# Backyard crawling course in Akron.



## Kyosho Racer (Feb 6, 2008)

Some pics of the progress on my backyard course. Anyone can come over and crawl with me. I'm in Akron, Ohio.

Enjoy,
Jeff


----------



## Kyosho Racer (Feb 6, 2008)

Some more.


----------



## Byro (Feb 1, 2012)

Ive been putting a little something together in my backyard as well. You ever go to the Gorge up in the Falls? Pretty cool spot to run.


----------



## Kyosho Racer (Feb 6, 2008)

Byro said:


> Ive been putting a little something together in my backyard as well. You ever go to the Gorge up in the Falls? Pretty cool spot to run.

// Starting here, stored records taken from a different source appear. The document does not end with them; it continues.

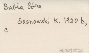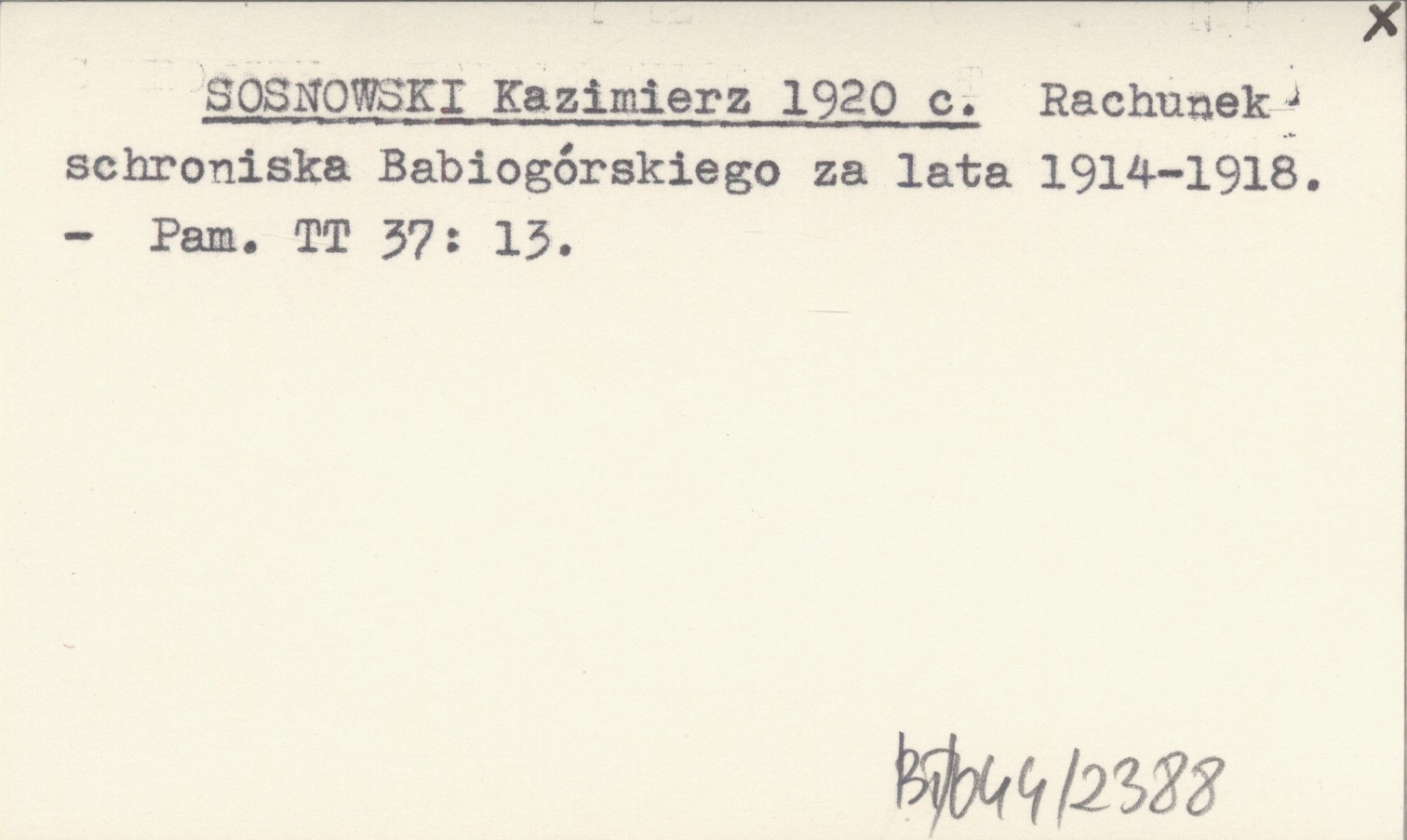 SOSNOWSKI Kazimierz 1920 c Rachunek schroniska Babiogórskiego za lata 1914-1918.
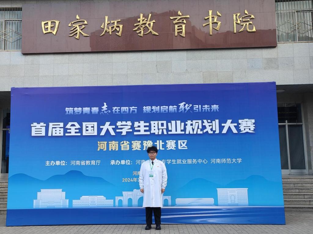 3月2日,由省教育厅主办的首届全国老员工职业规划大赛河南省赛豫北赛区在河南师范大学举行,太阳成集团tyc122cc蒋昊成同学代表学校参加省赛成长赛道的决赛。
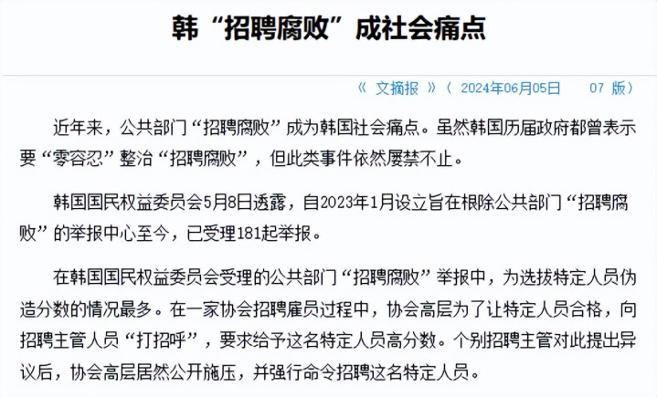 在2023年的时间,韩国为了能保证群众部门岗亭的招聘公说念,专门树立了一个国民职权委员会,但遵循树立没多久,接到的“招聘靡烂”举报信就多的数不外来,在访谒的经由中发现,有逾越三分之一的岗亭齐存在不公说念嫌疑。
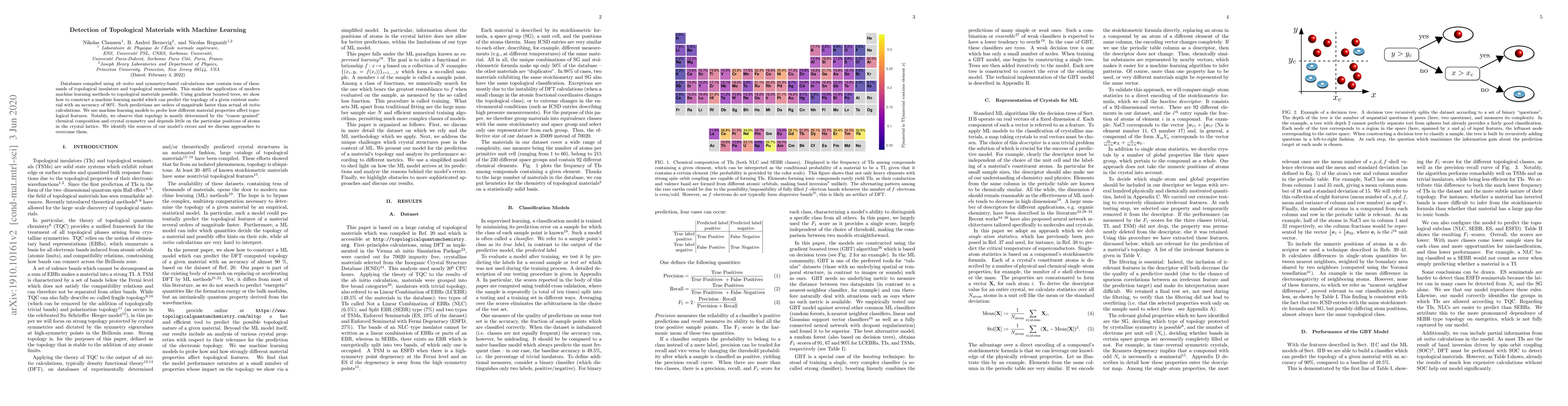 This paper demonstrates the use of gradient boosted trees for predicting the topology of topological materials, achieving 90% accuracy and significantly faster predictions compared to ab-initio calculations. The study identifies key material properties that aid in detection and discusses strategies to improve model accuracy.
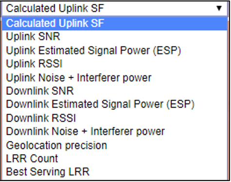 En plus des métriques radio typiques transmises du LRR au LRC (par exemple, UL RSSI, facteur d'étalement UL, UL SNR...), l'outil Network Survey permet de calculer et d'afficher des métriques radio supplémentaires, sélectionnables depuis un menu déroulant :
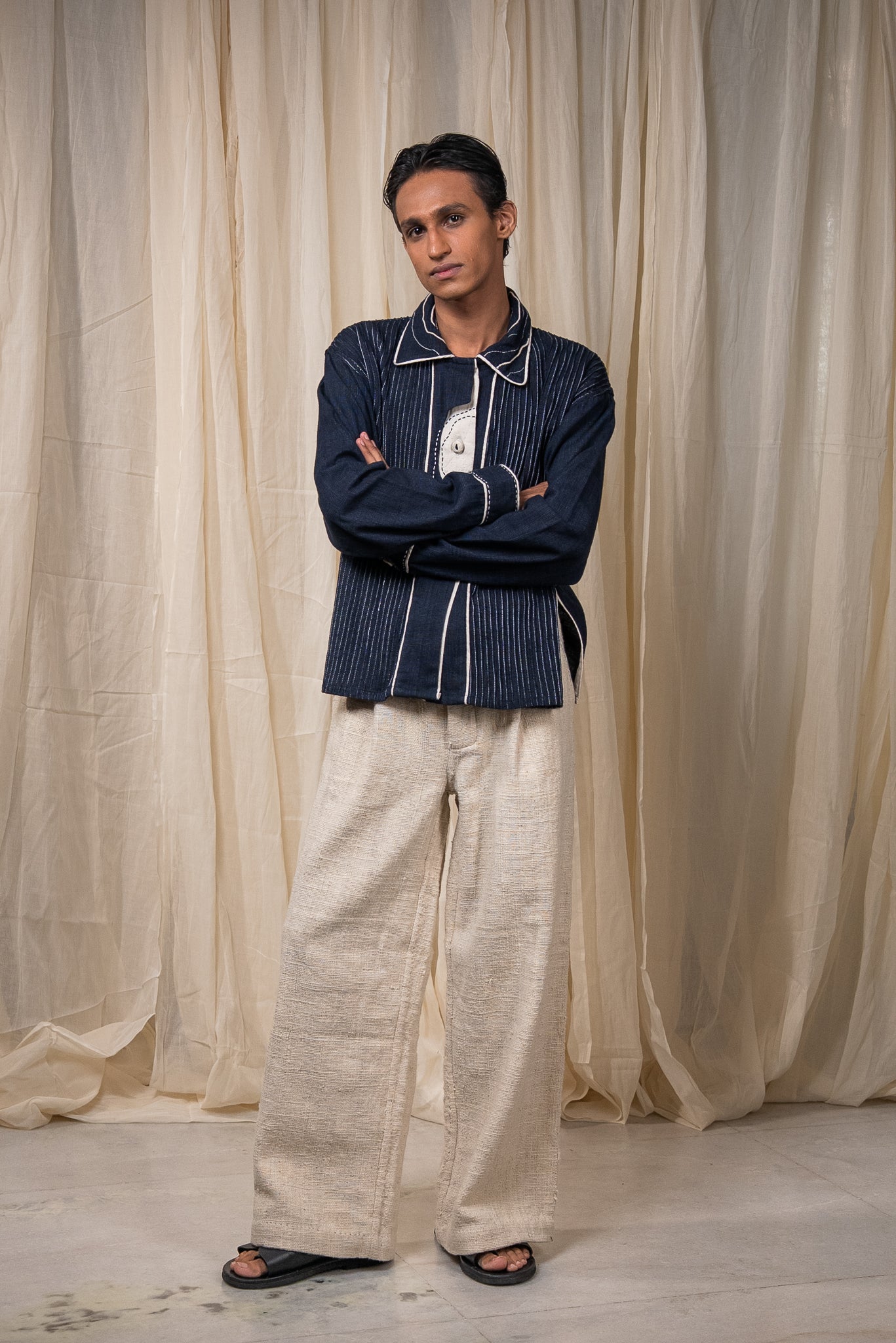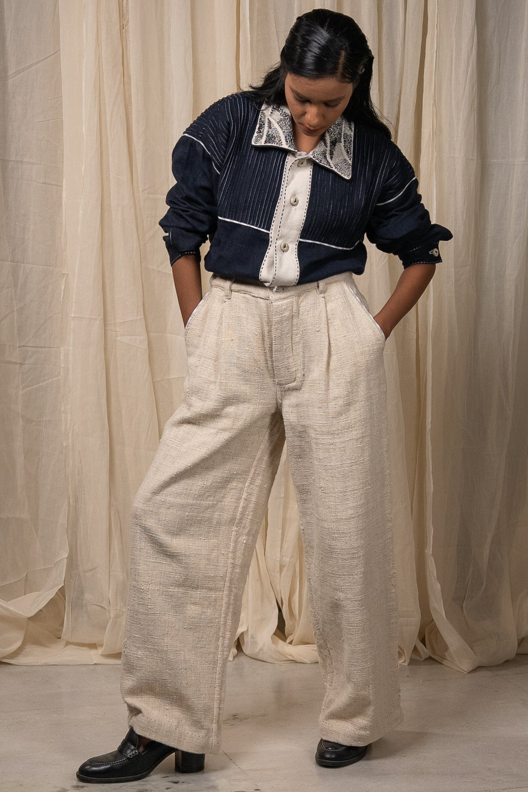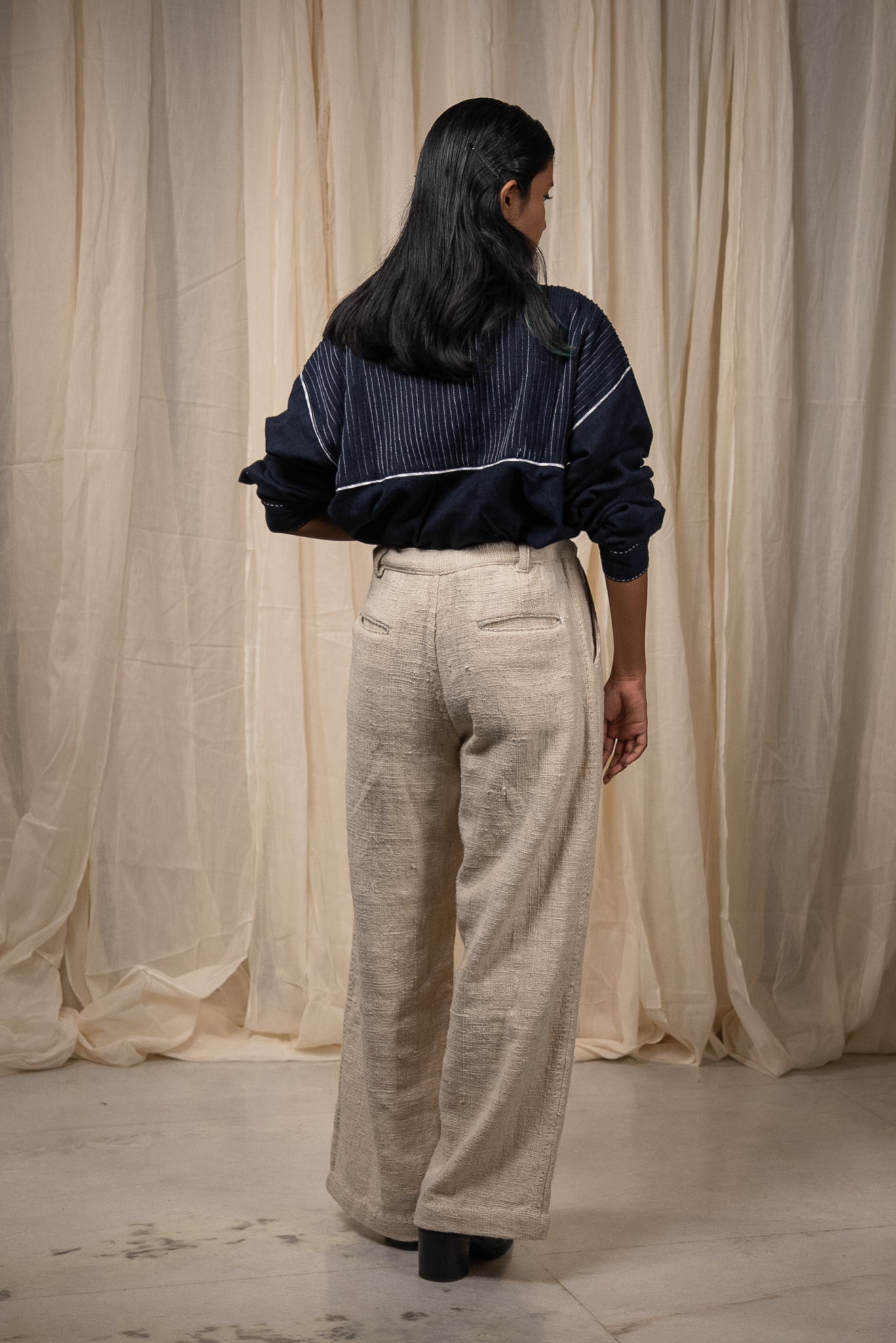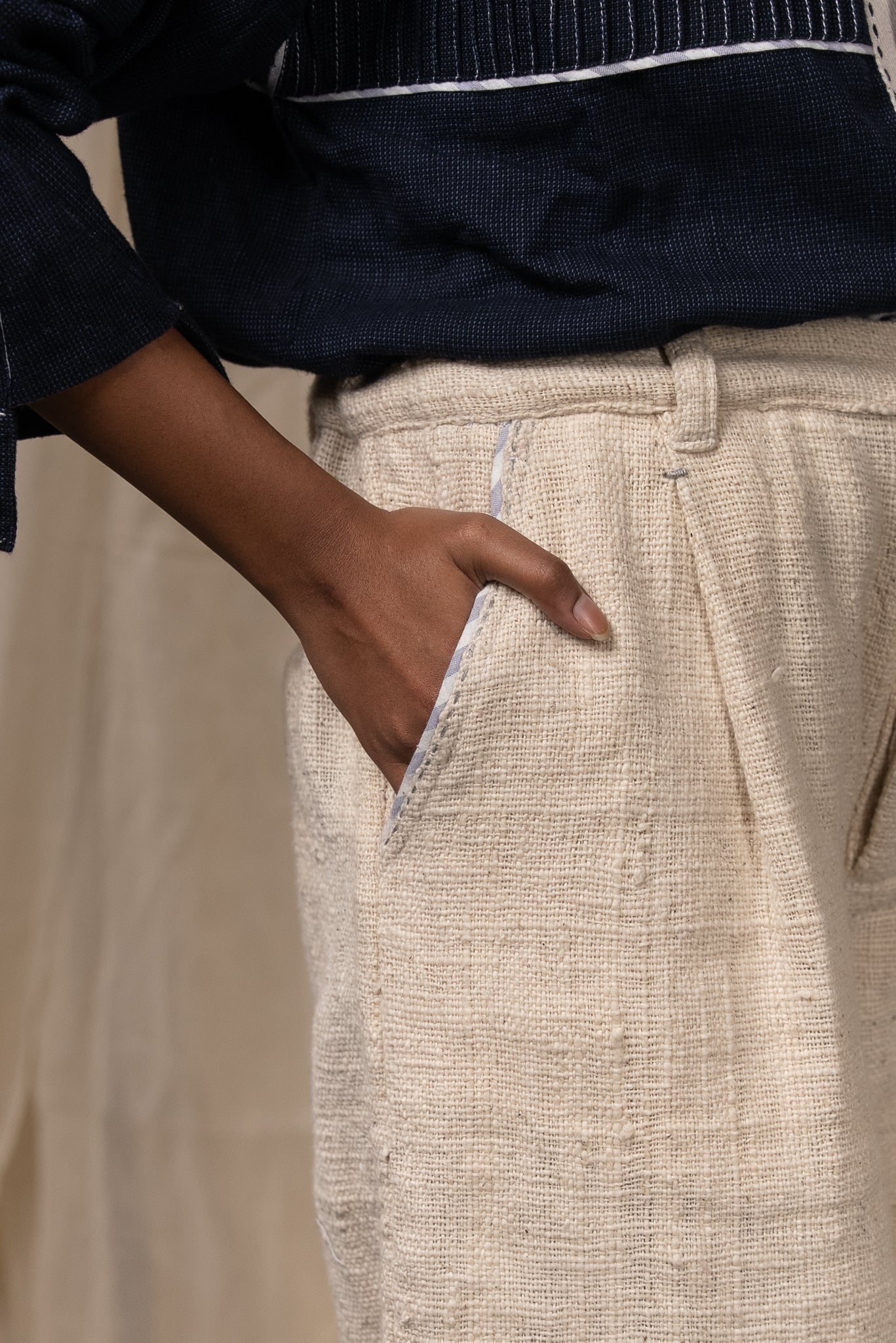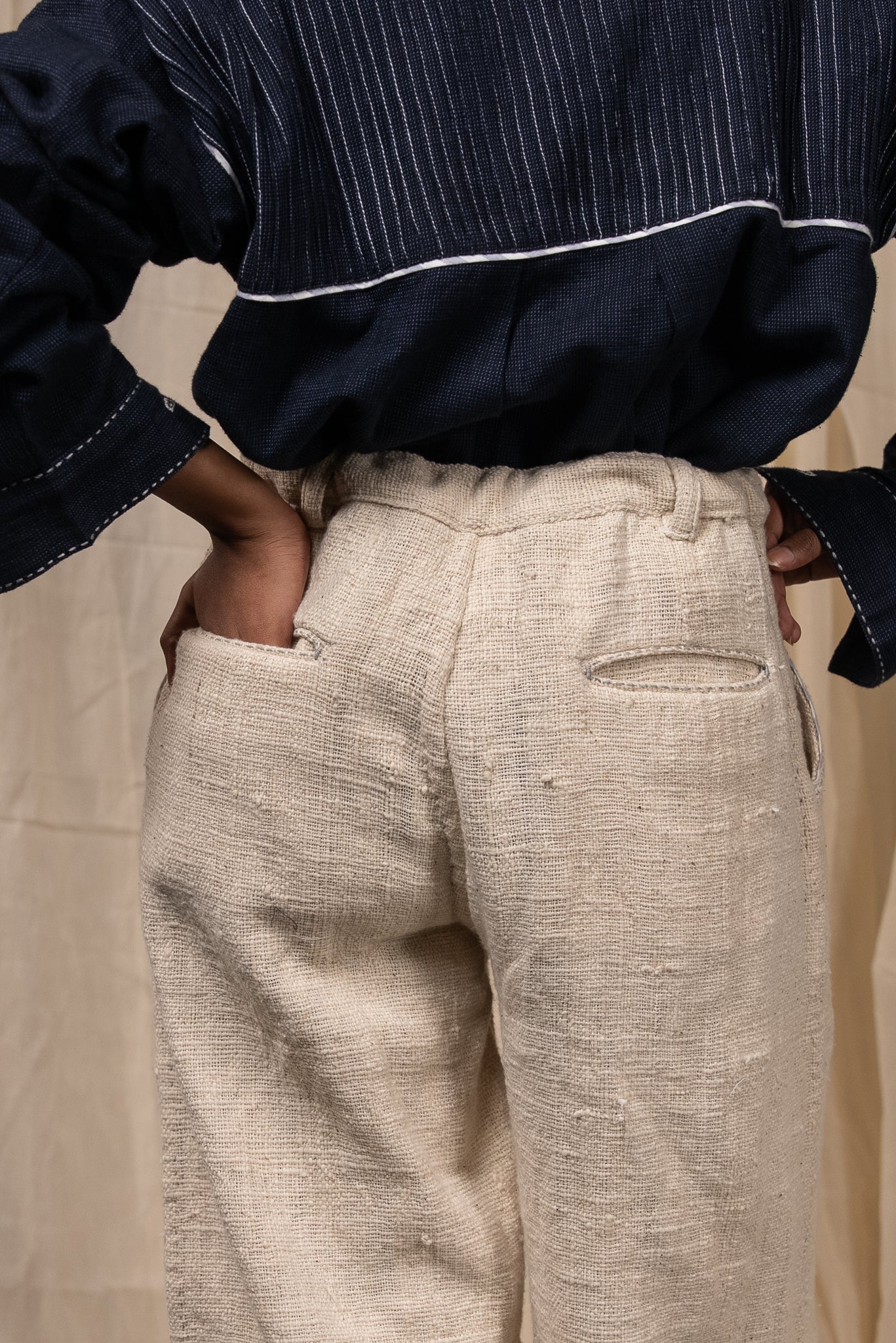 Crafted from 100% cotton fibres and natural materials, this straight-leg pant is made in undyed, unbleached zero count handwoven cotton - a thick, textural fabric that holds shape with structure. Pockets are finished with piping in handwoven grey striped cotton, adding subtle contrast and detail.

Not gone to the Falls yet but I will soon. Just me and a friend have run my course so far. Were going to do more work on it this Weds.

Jeff


----------



## edward 2 (Oct 6, 2010)

cool lay out, i got a timing rig you could build to time with.
look in general rc.
'home made timing system'

i have added a video of it in use.
once it loads.


----------



## Tuxedo (Dec 14, 2011)

*THIS IS AWESOME !!!*


Please keep the pics coming. I want to see this finished. I was thinking about doing this in my backyard as I am getting an HPI Crawler King. Wife bought it for me, how cool is that ? :thumbsup:


----------



## Kyosho Racer (Feb 6, 2008)

Tuxedo said:


> *THIS IS AWESOME !!!*
> 
> 
> Please keep the pics coming. I want to see this finished. I was thinking about doing this in my backyard as I am getting an HPI Crawler King. Wife bought it for me, how cool is that ? :thumbsup:


Will do. More work to be done this week. I'll take some more pics once we work on it some more. Thanks for the compliments:thumbsup:

Jeff


----------



## Kyosho Racer (Feb 6, 2008)

Some more pics. Rope bridge added today.


----------



## Kyosho Racer (Feb 6, 2008)

More Rocks. ROCK ON:thumbsup:


----------



## Byro (Feb 1, 2012)

Where are you stealing all these rocks from? :tongue:


----------



## Kyosho Racer (Feb 6, 2008)

Byro said:


> Where are you stealing all these rocks from? :tongue:


A housing development near my inlaws. They have been putting up houses the last couple years. I go in broad daylight and take them from the lots that have broken ground. There's contractors all around and they see me and they have never said a word to me.


----------



## Kyosho Racer (Feb 6, 2008)

Byro,
Since your in Uniontown you should stop by sometime. I can pm you my address if you want. It should give you some good ideas for your backyard course plus you'll have a blast running this course.

Jeff


----------



## Byro (Feb 1, 2012)

I wouldnt mind checking it out, where about are you from?


----------



## drunk on cars (Oct 15, 2010)

kyosho racer, want some old broken concrete chunks also? lol


----------



## Kyosho Racer (Feb 6, 2008)

drunk on cars said:


> kyosho racer, want some old broken concrete chunks also? lol


No thank you drunk on cars but that you for the offer


----------



## Kyosho Racer (Feb 6, 2008)

Some pics of Sunday's crawl:thumbsup:


----------



## Kyosho Racer (Feb 6, 2008)

Some more...3 of us running. My RS10XT and 2 Axial's, a SCX10 and a Ridgecrest.


----------



## Kyosho Racer (Feb 6, 2008)

We are doing a fun crawl tommorrow starting around noon or so. Feel free to PM me for directions if you want to stop by:thumbsup:

Jeff


----------



## Kyosho Racer (Feb 6, 2008)

Had a great time crawling yesterday. A new guy got his Axial up and running and after a few minor tweaks we had it crawling well. More work on the course this week. I'll post pics of the progress when done.


----------



## Kyosho Racer (Feb 6, 2008)

A couple of pics of the start of the next rock hill and new load of rocks.

Enjoy!


----------



## Kyosho Racer (Feb 6, 2008)

More rock work done.


----------



## Kyosho Racer (Feb 6, 2008)

My new Axial SXC10


----------



## Slim Jim (Sep 18, 2008)

I live in Akron as well. I have a modified Summit that I crawl with. We should kick it some time.


----------



## Kyosho Racer (Feb 6, 2008)

Slim Jim said:


> I live in Akron as well. I have a modified Summit that I crawl with. We should kick it some time.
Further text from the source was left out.